Lawmaking principles could be similarly constraining and thereby amount to a change in the way power is exercised which would in turn amount to constitutional change — minor but significant.
Key’s second reform is of local government. The drivers are Hide as Local Government Minister, associate minister John Carter and Environment Minister Nick Smith.
Super-Auckland may in time prompt other conurbations, such as Wellington, Christchurch and the Waikato, to contemplate emulation. And the ultimate logic of Smith’s Environmental Protection Agency is to take over some, most or all of regional councils’ environmental functions, possibly alongside a water commission.
That would remix local government: super-councils, some surviving regional councils, councils collaborating in all manner of services and activities and a conversion of some into unitary authorities, with stronger local boards reminiscent of the old boroughs.
The third reform is the biggest. It is what Chris Finlayson has been up to as Treaty of Waitangi Negotiations Minister.
Finlayson picked up where Michael Cullen left off. Co-governance and co-management are now bywords in Treaty settlements.
Co-governance is a radical shift. It gives effect to the principle that the “Treaty partner” (iwi and hapu) has an equal say in running something with the “Crown” (in non-quaint parlance, the central, regional and local governments).
The high-profile example is the arrangement for the Waikato river: iwi have an equal voice in broad decisions (the “Crown” is represented by regional council and central government nominees) and in managing bits of the river.
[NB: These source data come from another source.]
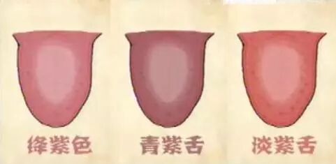 紫舌:是红中带青,色深而暗,乃上腔静脉或门静脉瘀血,静脉血流凝阻,回流不畅,为缺氧之象,每导致静脉血未作氧化,又回流所致。血色素成分增高,温热病见之则属热毒攻心之实证,如慢性病之心血管疾患,或肝病晚期,舌紫则属虚证。但实证之紫兼红而色深;虚证之色常暗紫而不兼红。
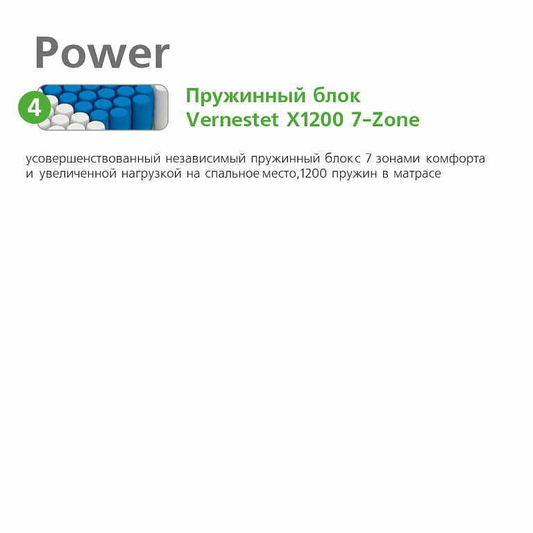 | Medizone R1000 | Уникальный блок независимых пружин из стали с выраженными зонами. Сбалансированное распределение зон по длине матраса наиболее эффективно учитывает анатомию тела человека. Точно реагирует на нагрузку, обеспечивая оптимальный ортопедический эффект. Диаметр пружины 60 мм. Высота пружинного блока 140 мм. |
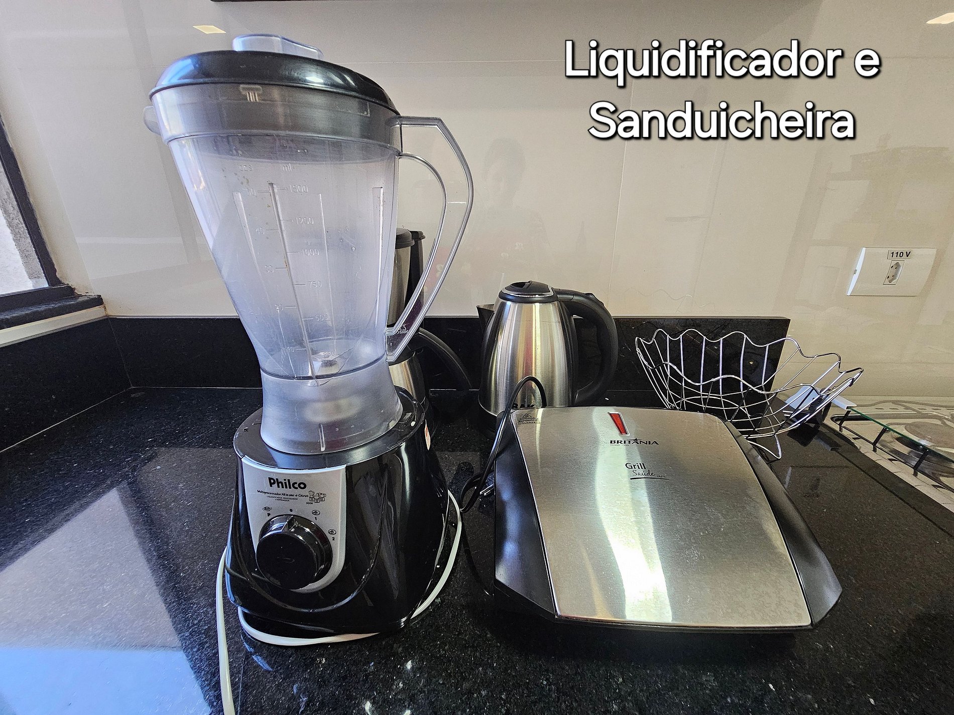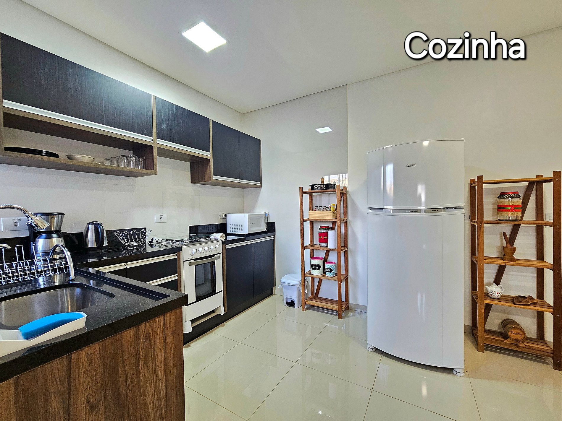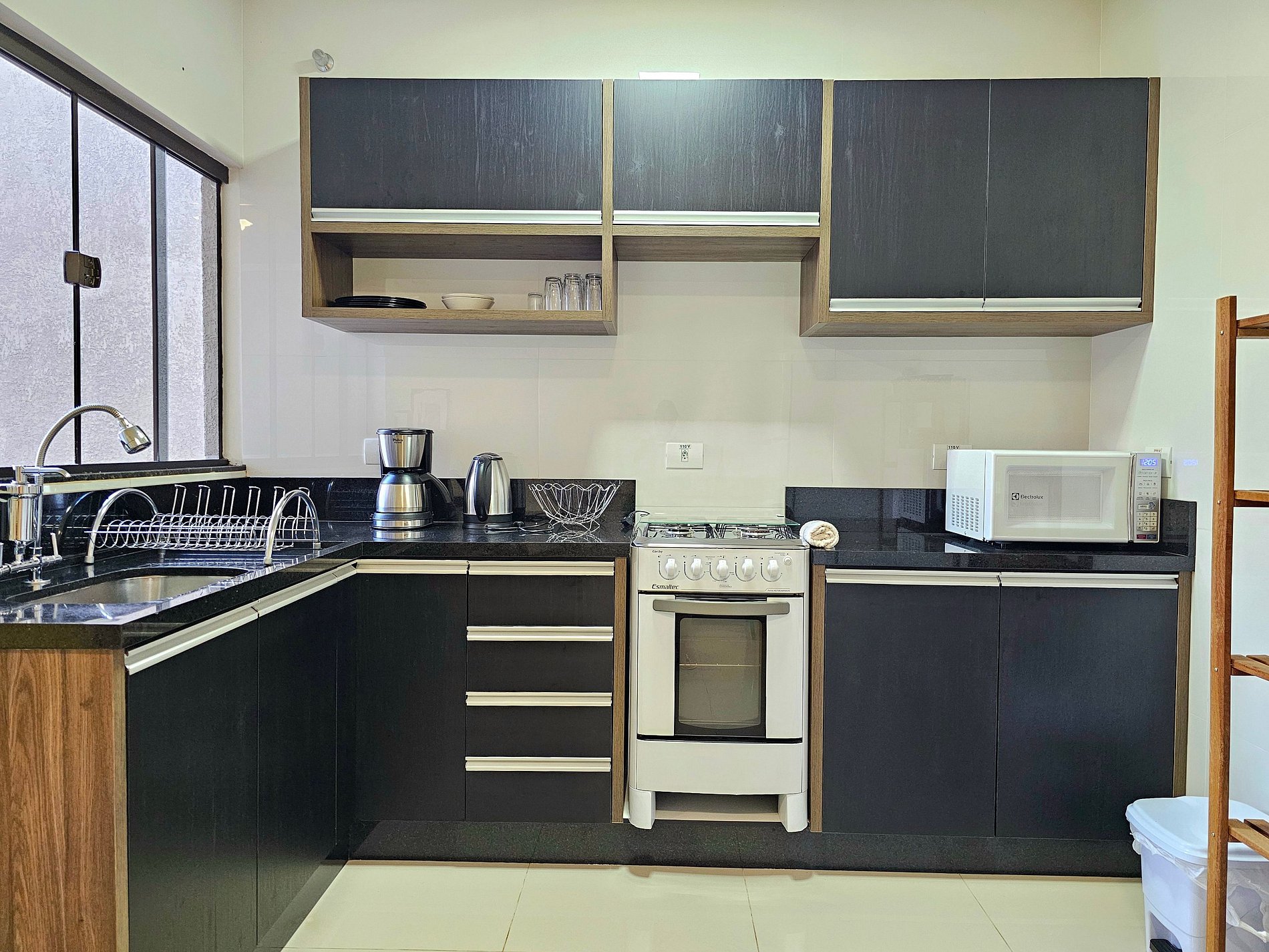 Cozinha completa com utensílios e louças para as refeições, fogão, microondas, cafeteira, sanduicheira, liquidificador.

This limits regional councils and adds to their costs in money and time.
Unsurprisingly, co-governance and co-management of rivers and other waterways are now standard negotiating requests by iwi and hapu. Many will be granted in some form or other. This is an important variation of resource management law and a change in the way power is assigned and used.
Likewise for conservation land. Until very recently the Department of Conservation administered and managed that land on behalf of the nation of New Zealanders. It is a statutory duty. In a widening range of places it is now to share management.
Add in Key’s proposed foreshore and seabed regime, which iwi leaders say doesn’t go far enough. The government’s preferred regime posed complex governance and management questions, according to a Local Government New Zealand analysis which particularly worried that if an iwi won customary title it could veto development, which would cut across councils’ statutory duties. Again, a significant change in the assignment and exercise of power.
Now add in the Declaration of the Rights of Indigenous Peoples. The cabinet’s qualifications in effect negated important aspects but over time, given the courts’ track record on Treaty issues and attention to supposedly non-binding international pacts and the Bill of Rights — not to mention an unguarded political comment or agreement or legislation by a future government — those qualifications may well biodegrade.
Next is the constitutional review Key promised in the Maori party’s support deal. The review was supposed to get going in February but is stalled at high level by arguments over both the terms of reference (the Maori party wants wider ones than National) and who should be on the team. Where there review might lead can only be guessed at.
Over the past month, the cabinet has drawn back a bit, epitomised in refusing Tuhoe ownership of the Urewera National Park, though offering a “strong” co-management regime.
You can see why it drew back. Constitutional reform at Key’s pace and depth is not an habitual National preoccupation.